Everything in the environment e is given a unique ID, which is essentially a tuple (x, y) where x is the location of the list on the stack, y is the position in that list.

3.2. Operations

Following Henderson, we have the following instruction set for our SECD machine:

LD: load
LDC: load a constant onto the stack
LDF: load a function onto the stack
AP: apply a function
RTN: return
DUM: create a dummy environment
RAP: recursively apply
SEL: select subcontrol
JOIN: rejoin main control
CAR: take the car of the top of the s stack
CDR: take the cdr of the top of the s stack
ATOM: apply the atom predicate to the top stack item
CONS: form cons of top two stack items
EQ: apply eq predicate to top two stack items
STOP: stop the machine, we're done

And then about a half-dozen arithmetic operators (ADD, SUB, MUL, DIV, REM, LEQ).

3.3. Operation Transition Rules

The semantics for our SECD machine is described using a transition relation which maps s e c d -> s' e' c' d'.

3.3.1. S-Expression related Rules

The CONS, CDR, CAR instructions behave as we would hope and expect:

CONS: (a b . s) e (CONS . c) d becomes ((a . b) . s) e c d
CAR: ((a . b) . s) e (CAR . c) d becomes (a . s) e c d
CDR: ((a . b) . s) e (CDR . c) d becomes (b . s) e c d

The ATOM predicate tests if the top item in s is an atomic datum or not.

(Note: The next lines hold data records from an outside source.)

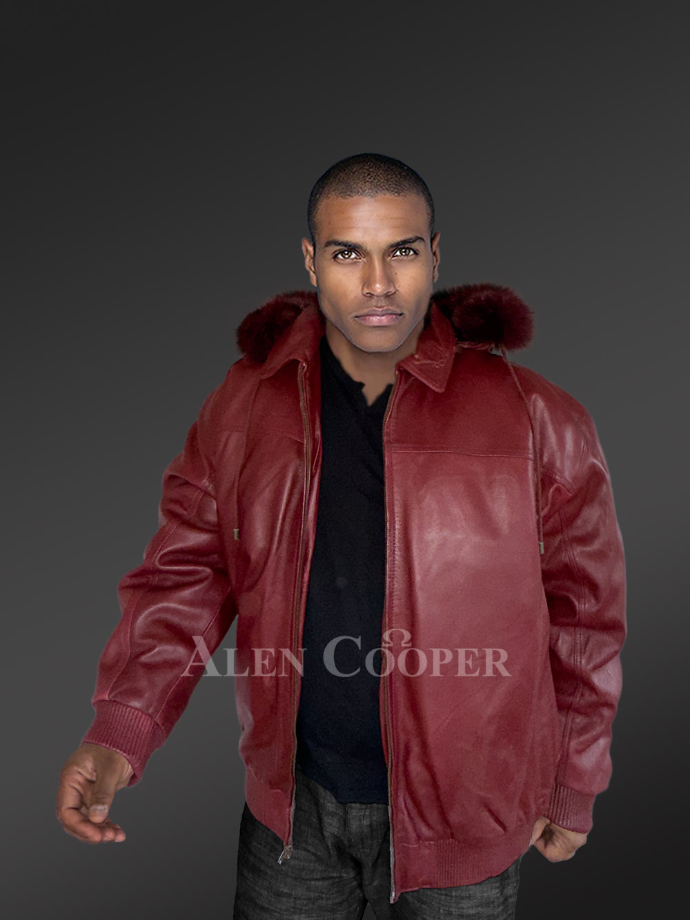 This sophisticated leather bomber jacket with detachable hood offers amazing comfort and restfulness through its high-quality Nappa leather. This elegant outerwear for men comes in a resplendent wine shade that can glow up any party ambiance. Alen Cooper makes sure this classy jacket is meticulously crafted with all the practical features of thermal wear as well as carrying fascinating looks. It is available in all different sizes and can be stylishly paired up with both light and dark-shaded trousers.
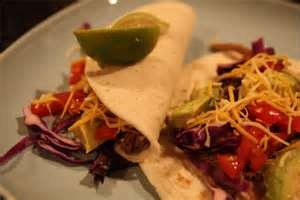 Lay some shredded cabbage as a base. Top with some shredded beef. Serve alongside Guacamole and salsa. Garnish with fresh cilantro leaves.
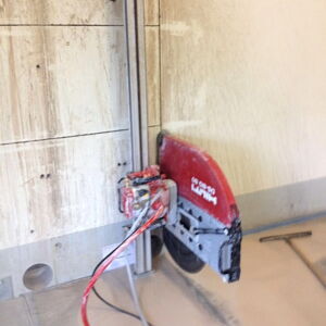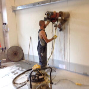 In einem Gewerbebetrieb in Wuppertal wurde mittels Kernbohrungen und Wandsägen ein Wanddurchbruch in einer Stahlbetonwand zum Einbau einer Verbindungstür hergestellt.
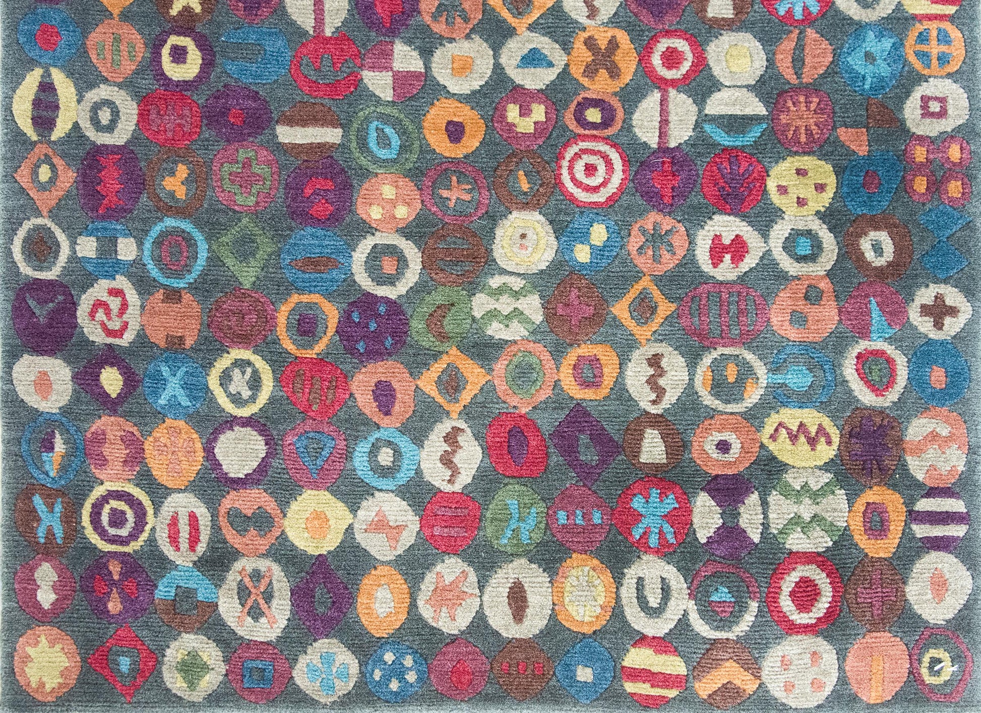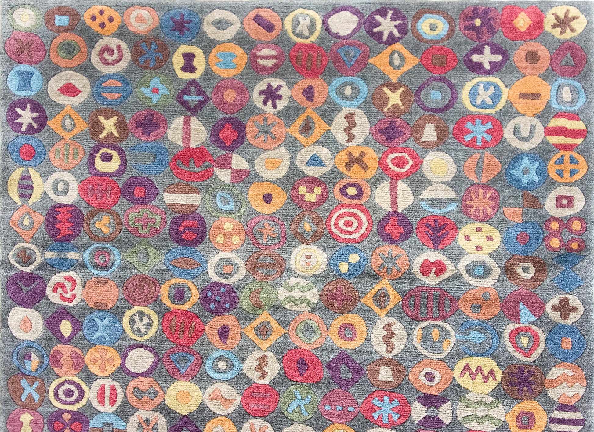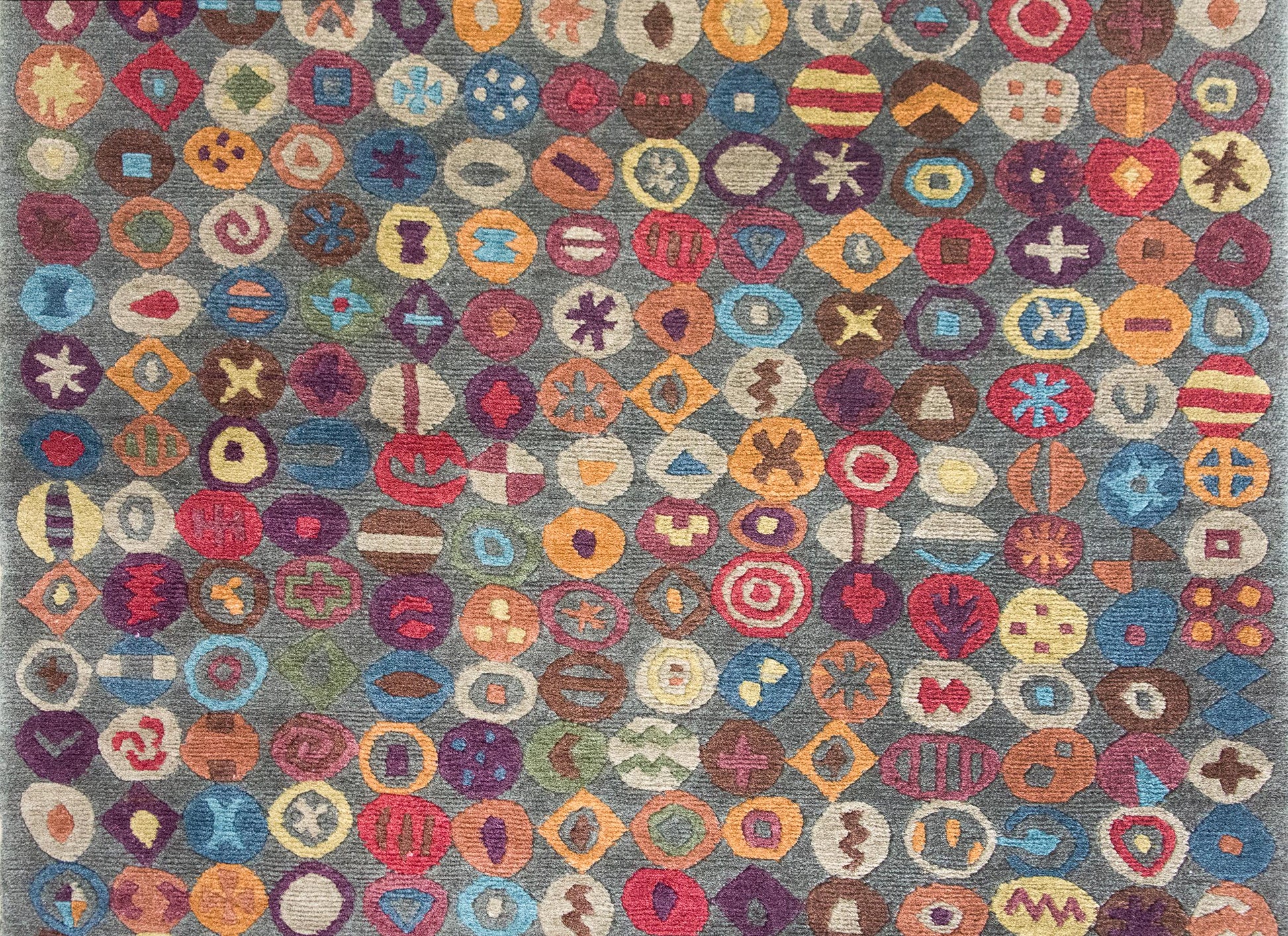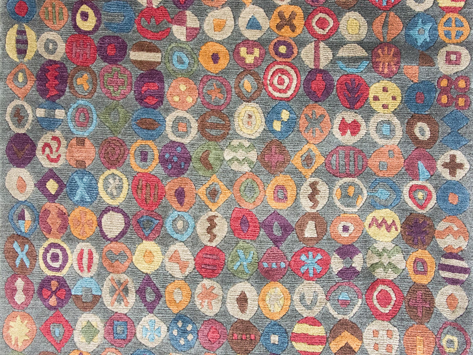 This late 20th-century Tibetan hand-knotted wool runner is a stunning celebration of vibrant color and intricate design. Woven with hundreds of small circular details reminiscent of ancient runes, the pattern offers a unique interplay of cultural inspiration and modern artistry. Each circular motif is meticulously rendered, creating a rhythmic, almost meditative quality to the design.

ATOM: (a . s) e (ATOM . c) d becomes (t . s) e c d where t=T if a is in fact an atom, t=F if a is a list.

3.3.2. Arithmetic Rules

The arithmetic operations applied to the top 2 items of the stack, but do not modify the other registers:

ADD takes (a b . s) and produces (b + a . s)
SUB takes (a b . s) and produces (b - a . s)
MUL takes (a b . s) and produces (b * a . s)
DIV takes (a b . s) and produces (b / a . s)
REM takes (a b . s) and produces (b % a . s)
LEQ takes (a b . s) and produces (b <= a . s)
EQ takes (a b . s) and produces (b = a . s)

3.3.3. Loading Rules

LD: s e (LD i . c) d becomes (x . s) e c d where x = locate(i, e) is the current value for the index i, and locate() is a function in the meta-language
LDC: s e (LDC n . c) d becomes (n . s) e c d
LDF: s e (LDF c' . c) d becomes ((c' . e) . s) e c d where the closure is (c' . e).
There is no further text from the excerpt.